In 1803 Richard Trevithick was employed by Samuel Homfray, the owner of the Penydarren Ironworks in Merthyr Tydfil. Trevithick was asked to produce a locomotive to be used to transport iron from Penydarren to the nearest canal. By February 1804 the Penydarren locomotive was ready for its first trip. On the 21st February it managed to haul ten tons of iron, seventy passengers and five wagons from the ironworks at Penydarren to the Merthyr-Cardiff Canal. During the nine mile journey the Penydarren locomotive reached speeds of nearly five miles an hour.

A full-size reproduction of the Penydarren
A full-size reproduction of the Penydarren

The Penydarren locomotive, with its single vertical cylinder, 8 foot flywheel and long piston-rod, became the first steam engine to run successfully on rails. Trevithick's locomotive employed the very important principle of turning the exhaust steam up the chimney, so producing a draft which drew the hot gases from the fire more powerfully through the boiler.

Trevithick's Penydarren locomotive only made three journeys. Each time the seven-ton steam engine broke the cast iron rails. Samuel Homfray came to the conclusion that Trevithick's invention was unlikely to reduce his transport costs and so he decided to abandon the project.

Primary Sources

(1) Richard Trevithick, letter to Davies Gilbert (22 February, 1804)

Yesterday we proceeded on our journey with the engine. We performed the nine miles in four hours and five minutes. We had to remove some large rocks on the way. On our return home one of the small bolts that fastened the axle to the boiler broke, and all the water ran out of the boiler.

(2) Richard Trevithick, letter to Davies Gilbert (2nd March, 1804)

We have tried the carriage with twenty-five tons of iron, and found we were more than a match for that weight. The steam is delivered into the chimney above the damper.
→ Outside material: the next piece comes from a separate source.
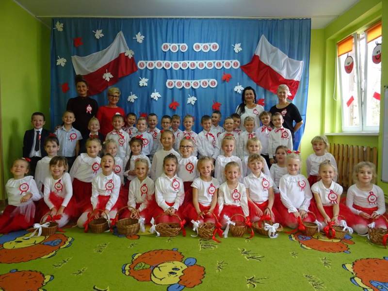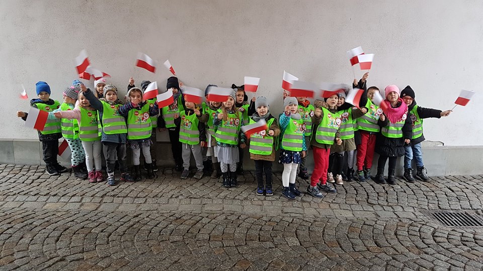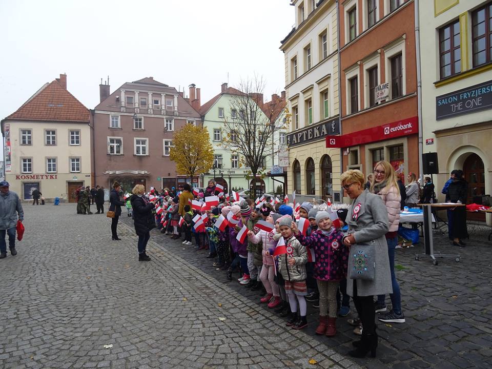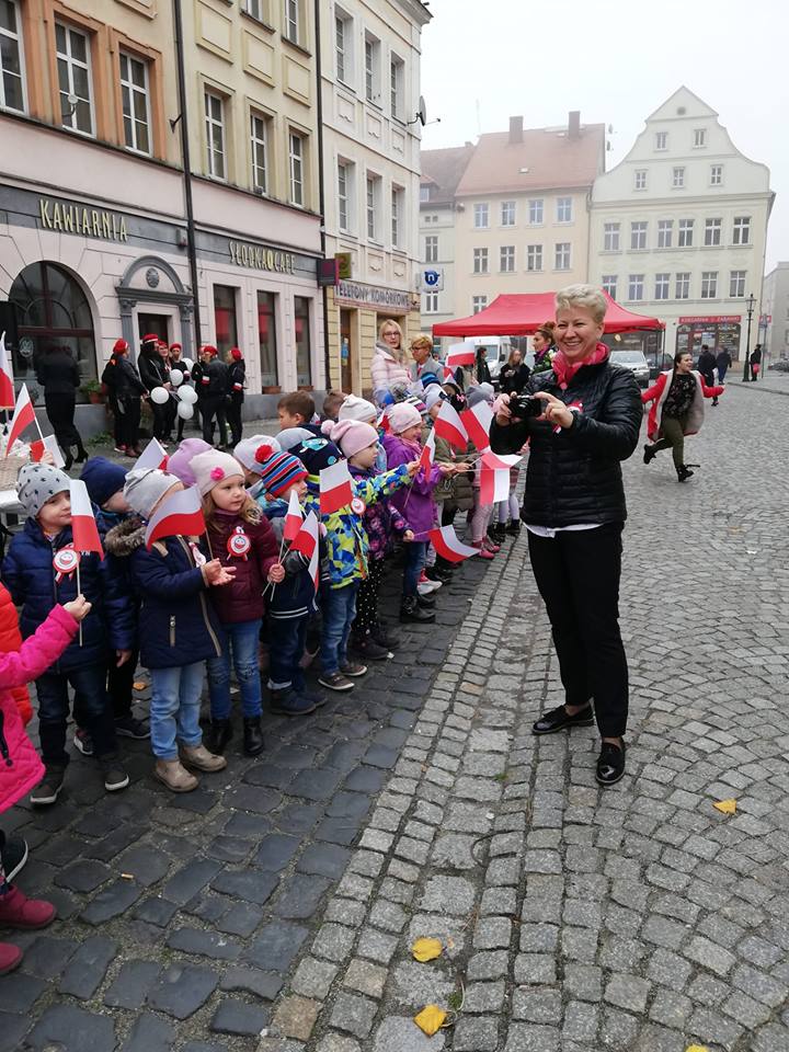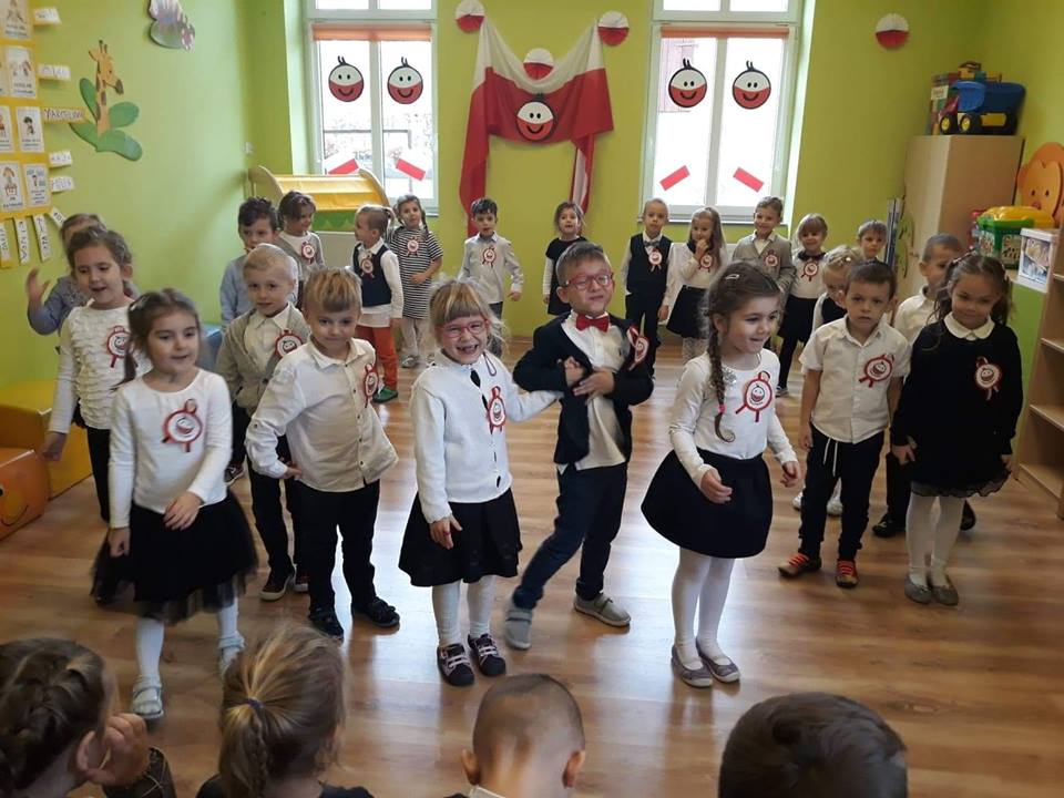 W czwartek zostł zorganizowany "poranek patriotyczny", podczas którego wszystkie przedszkolaki odśpiewały hymn Polski, a grupy starsze zatańczyły "Kujawiaka", "Poloneza" oraz odśpiewały pieśń "Od morza aż do Tatr - to Polska, to mój kraj...". W piątek wszystkie dzieci punktualnie o godz. 11.11 włączyły się do wspólnego śpiewania Mazurka Dąbrowskiego. Kropelki pięknie zatańczyły, a Zefirki swoją pieśnią wzruszyły widzów zgromadzonych pod Ratuszem. To była wspaniała lekcja hisrorii i patriotyzmu - pełna wzruszeń, refleksji, ale i radości. Jesteśmy z nich bardzo dumni!

It makes the draught much stronger by going up the chimney.

(3) In May 1854, Thomas Ellis, an engineer from Tredegar, wrote a letter describing the first journey the Penydarren took in February, 1804.

My father was at Penydarren when the engine was made and tried. Samuel Homfray, proprietor of the Penydarren Iron Works, Merthyr Tydfil, made a bet of 1,000 guineas with Richard Crawshay, of the Cyfarthfa Iron Works, that Trevithick's steam-engine could convey a load of iron from his works to the Navigation House (nine miles distant).

(4) In October 1858, Rees Jones was interviewed by the Mining Journal.

I assisted Mr. Trevithick in the making of his locomotive. She worked very well; but frequently her weight broke the tram-plates. On the third journey she broke a great many of the tram-plates. She was brought back to Penydarren by horses. The engine was never used as a locomotive after this.